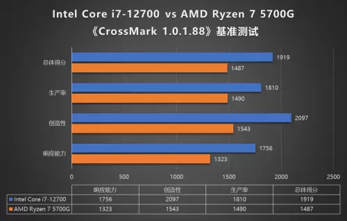 从核心数量以及加速频率来看,锐龙7 5700G显然就不是酷睿i7-12700H的对手,再考虑到Golden Cove与Zen 3两个微架构之间的IPC差距。最终我们汇总测试数据发现,酷睿i7-12700运行CrossMark做到了完胜锐龙7 5700G,总体得分领先有29%;而在差距最大的创造性子项目中,领先更是超过35%,从数据结果来看,可以说两颗处理器的性能差距还是比较大的。
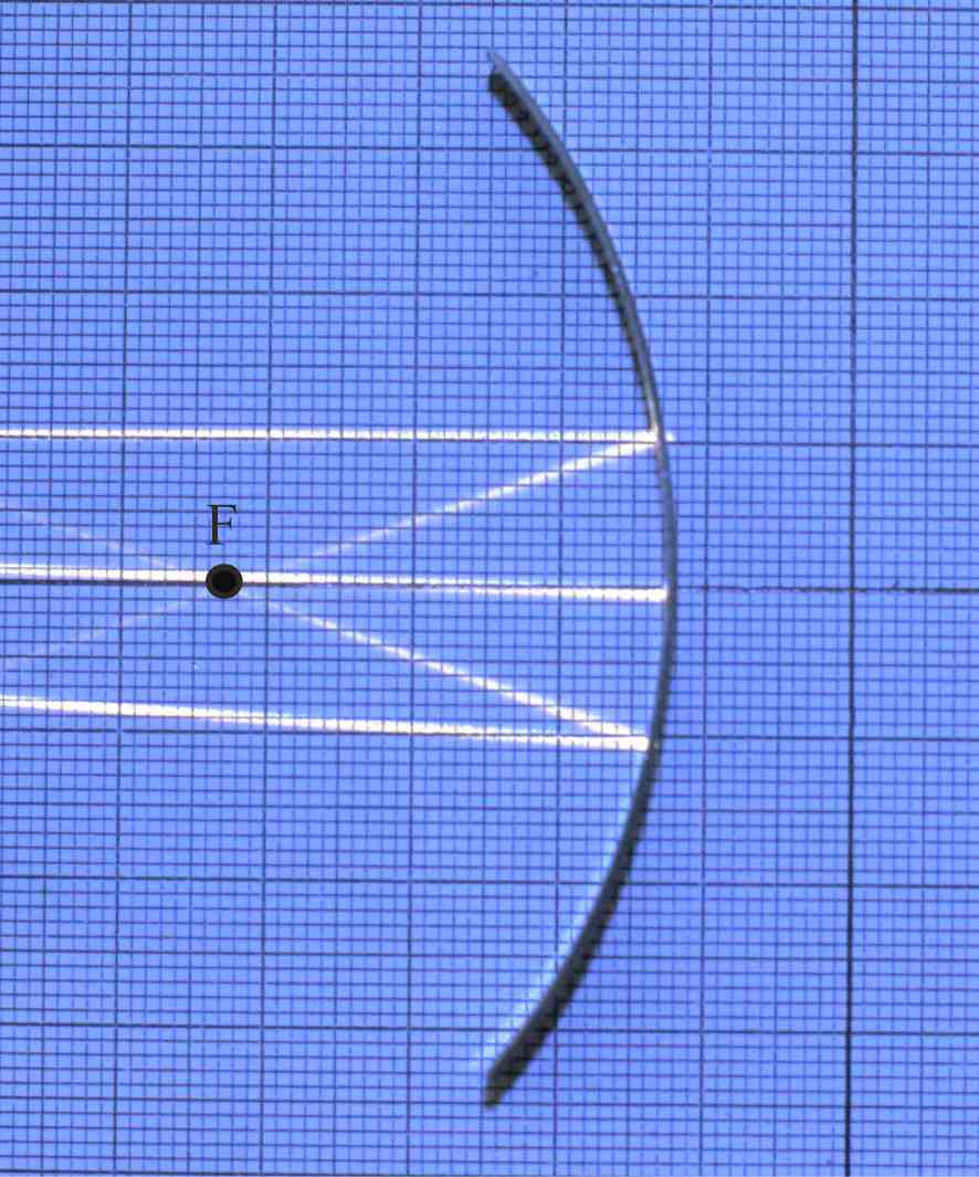 luz sobre un espejo cóncavo. Si dispusiéramos de un objeto a 50mm de su centro de
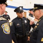Methuen Sgt. Dan O’Connell, interim NECC/MPD Police Academy director, congratulates a student officer.
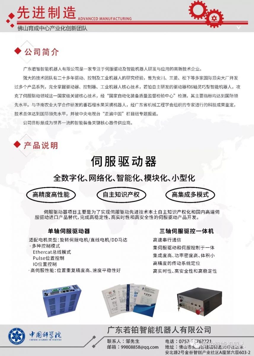 作為一家專注于伺服驅動及智能機器人研發與應用的高新技術企業,廣東若鉑自主研發的驅控一體機,攻克了伺服驅動領域這一國家關鍵核心技術,經“國家自動化裝備質量監督檢驗中心”檢測,其主要指標均達到國際領先水平。
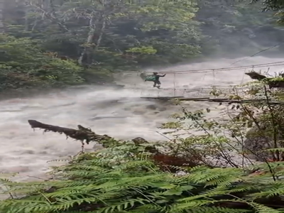 범람하는 다리를 건너는 미X놈
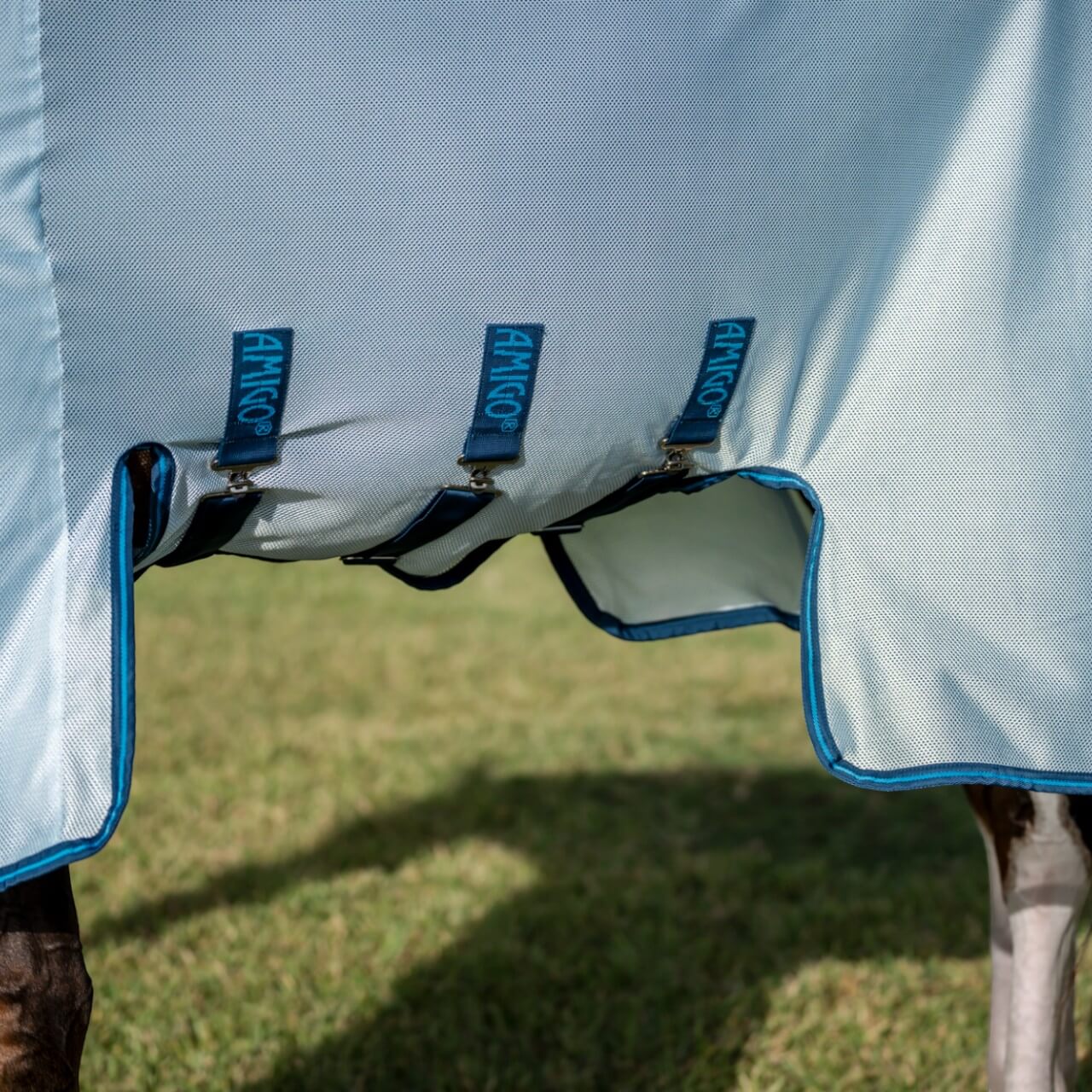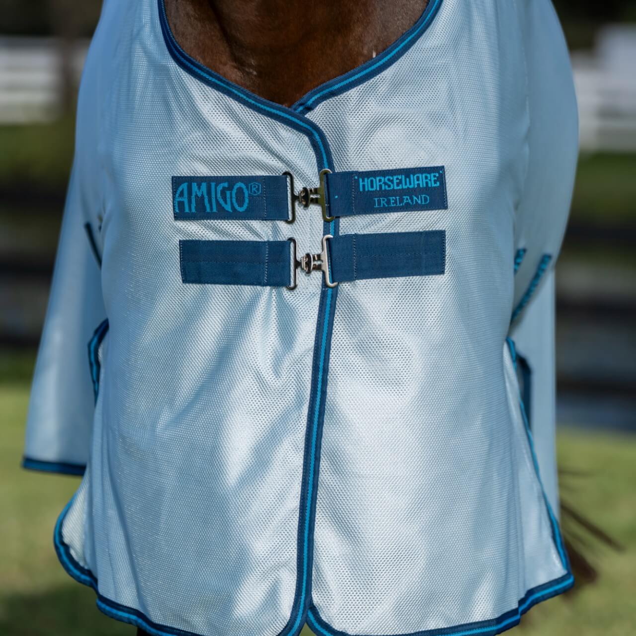 Die Fliegendecke Amigo Bug Buster beeindruckt mit einer stilvollen Farbgebung in Azure Blue/Navy & Electric Blue oder Silver/Titanium Grey & Silver. Das durchdachte Design vereint ästhetische Ansprüche mit praktischen Vorteilen, wie einem ergonomischen Vorderbeinausschnitt, der die Bewegungsfreiheit deines Pferdes erhält. Der gerade Brustverschluss sorgt für einen sicheren Sitz.
----------
* PROBLEM: When you copy the listing, keep every line exactly as it is but leave out all images.

* FINISHED TASK:
 从核心数量以及加速频率来看,锐龙7 5700G显然就不是酷睿i7-12700H的对手,再考虑到Golden Cove与Zen 3两个微架构之间的IPC差距。最终我们汇总测试数据发现,酷睿i7-12700运行CrossMark做到了完胜锐龙7 5700G,总体得分领先有29%;而在差距最大的创造性子项目中,领先更是超过35%,从数据结果来看,可以说两颗处理器的性能差距还是比较大的。
 luz sobre un espejo cóncavo. Si dispusiéramos de un objeto a 50mm de su centro de
Methuen Sgt. Dan O’Connell, interim NECC/MPD Police Academy director, congratulates a student officer.
 作為一家專注于伺服驅動及智能機器人研發與應用的高新技術企業,廣東若鉑自主研發的驅控一體機,攻克了伺服驅動領域這一國家關鍵核心技術,經“國家自動化裝備質量監督檢驗中心”檢測,其主要指標均達到國際領先水平。
 범람하는 다리를 건너는 미X놈
 Die Fliegendecke Amigo Bug Buster beeindruckt mit einer stilvollen Farbgebung in Azure Blue/Navy & Electric Blue oder Silver/Titanium Grey & Silver. Das durchdachte Design vereint ästhetische Ansprüche mit praktischen Vorteilen, wie einem ergonomischen Vorderbeinausschnitt, der die Bewegungsfreiheit deines Pferdes erhält. Der gerade Brustverschluss sorgt für einen sicheren Sitz.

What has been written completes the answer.